Anthropic called this a 'packaging error caused by human error.' That is true. It is also insufficient. When the same error happens twice in fifteen months, the conversation shifts from 'what happened' to 'why does this keep happening.' For an AI safety company — one whose founding mission is to build safe, trustworthy AI — the pattern matters more than the incident.

There is a line that separates a tool from a system. A tool does what you tell it. A system makes decisions, takes initiative, and operates even when you are not watching. Claude Code, as it exists today, is a tool. KAIROS, as it exists in the leaked code, is a system.
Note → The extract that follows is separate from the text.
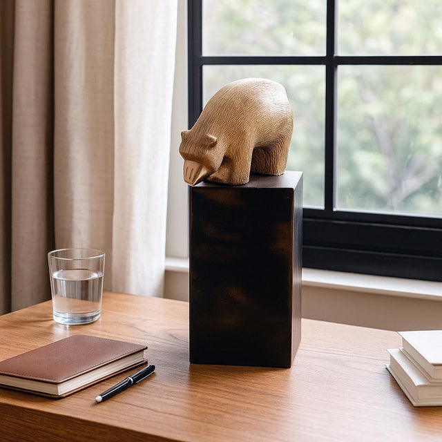 Tall Bear Metal Decorative Showpiece- Black & Gold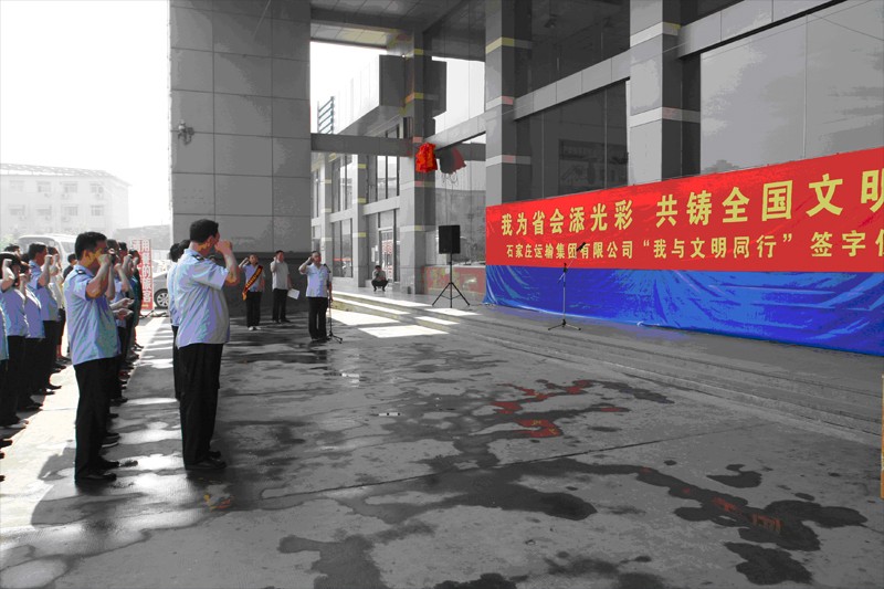 5月19日上午,石家莊運輸集團有限公司‘我與文明同行’簽字儀式,在客運總站站前廣場隆重舉行。

This is the most important takeaway from the entire leak. Not the fake tools. Not the undercover mode. Not the stock market crash. The most important thing is the trajectory: AI coding tools are becoming AI coding systems. They are moving from reactive to proactive, from session-based to persistent, from doing what you say to anticipating what you need.

Whether this trajectory leads to dramatically better software or dramatically new risks depends on choices that are being made right now — by AI labs, by development teams, by regulators, and by the developers who decide how much autonomy to grant these systems. The leak gave us a premature look at that future. What we do with that knowledge is up to us.